Contribution of altered signal transduction associated to glutamate receptors in brain to the neurological alterations of hepatic encephalopathy

Abstract

Patients with liver disease may present hepatic encephalopathy (HE), a complex neuropsychiatric syndrome covering a wide range of neurological alterations, including cognitive and motor disturbances. HE reduces the quality of life of the patients and is associated with poor prognosis. In the worse cases HE may lead to coma or death. The mechanisms leading to HE which are not well known are being studied using animal models. The neurological alterations in HE are a consequence of impaired cerebral function mainly due to alterations in neurotransmission. We review here some studies indicating that alterations in neurotransmission associated to different types of glutamate receptors are responsible for some of the cognitive and motor alterations present in HE. These studies show that the function of the signal transduction pathway glutamate-nitric oxide-cGMP associated to the NMDA type of glutamate receptors is impaired in brain in vivo in HE animal models as well as in brain of patients died of HE. Activation of NMDA receptors in brain activates this pathway and increases cGMP. In animal models of HE this increase in cGMP induced by activation of NMDA receptors is reduced, which is responsible for the impairment in learning ability in these animal models.
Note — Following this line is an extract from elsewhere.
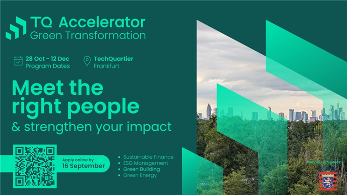 Wir freuen uns, den Start des TQ Accelerator: Green Transformation zu verkünden! Dieses kostenlose, mehrtägige Programm in Frankfurt richtet sich an Start-ups, die nachhaltige Lösungen in den Bereichen ESG-Management, Sustainable Finance, Green Building und Green Energy entwickeln.
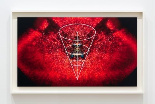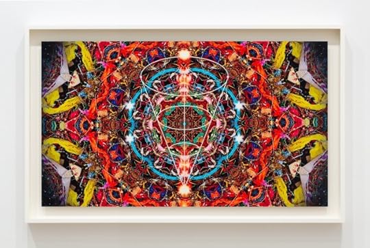 Miguel Abreu Gallery is pleased to announce the opening, on Thursday, December 9, of Jimmy Raskin’s STATIONS OF THE LAST ECCENTRIC, the artist’s fourth one-person exhibition at the gallery. STATIONS OF THE LAST ECCENTRIC features nine layered works, each holding at its center The Cone of Expression. This diagrammatic overlay includes a prominent vertical line that imposes a primordial fold, creating a mirror-image wherein a chosen picture of the cosmos faces itself. This event, in turn, conjures a myriad of faces staring back at the viewer. The phenomenon, known as facial pareidolia, instills an emotional charge in an otherwise non-sentient image or form. A point of connective stillness emerges, which may be considered sacrificial: we bypass the layers, critical-distance, dynamic conversations therein, and reach an almost humorous reduction point; an anthropomorphic flattening in the name of stillness. Within the gaze of the gaze, a space for mesmerization or resonance is generated.

Increasing cGMP by pharmacological means restores learning ability in rats with HE and may be a new therapeutic approach to improve cognitive function in patients with HE. However, it is necessary to previously assess the possible secondary effects. Patients with HE may present psychomotor slowing, hypokinesia and bradykinesia. Animal models of HE also show hypolocomotion. It has been shown in rats with HE that hypolocomotion is due to excessive activation of metabotropic glutamate receptors (mGluRs) in substantia nigra pars reticulata. Blocking mGluR1 in this brain area normalizes motor activity in the rats, suggesting that a similar treatment for patients with HE could be useful to treat psychomotor slowing and hypokinesia. However, the possible secondary effects of mGluR1 antagonists should be previously evaluated. These studies are setting the basis for designing therapeutic procedures to specifically treat the individual neurological alterations in patients with HE.

Figure 1

Glutamate-nitric oxide-cyclic GMP pathway. Activation of ionotropic (mainly NMDA) glutamate receptors leads to increased intracellular calcium (Ca²⁺) which after binding to calmodulin (CM), activates nitric oxide synthase (NOS), leading to increased production of nitric oxide (NO), which in turn activates soluble guanylate cyclase (sGC), resulting in increased formation of cGMP. Part of the cGMP formed is released to the extracellular space. Soluble guanylate cyclase may be also activated by agents that generate NO such as SNAP. cGMP is degraded by phosphodiesterase (PDE) that may be inhibited by zaprinast or sildenafil.

Figure 2

Hypolocomotion in animal models of HE is due to increased extracellular glutamate and activation of metabotropic glutamate receptors in substantia nigra pars reticulata. Activation of metabotropic glutamate receptors (mGluRs) in nucleus accumbens induces motor activity by activating a neuronal circuit involving ventral pallidum, medio-dorsal thalamus and motor cortex. Activation of mGluRs in substantia nigra pars reticulata (SNr) induces hypolocomotion by activating a neuronal circuit involving ventro-medial thalamus and motor cortex. In rats with HE due to chronic liver failure (portacaval anastomosis), the extracellular concentration of glutamate is significantly increased (15-fold) in SNr, resulting in increased activation of mGluR1 which is responsible for hypolocomotion in these rats. Blocking mGluR1 in SNr with specific antagonists increases motor activity in rats with chronic liver failure up to levels similar to those in normal rats.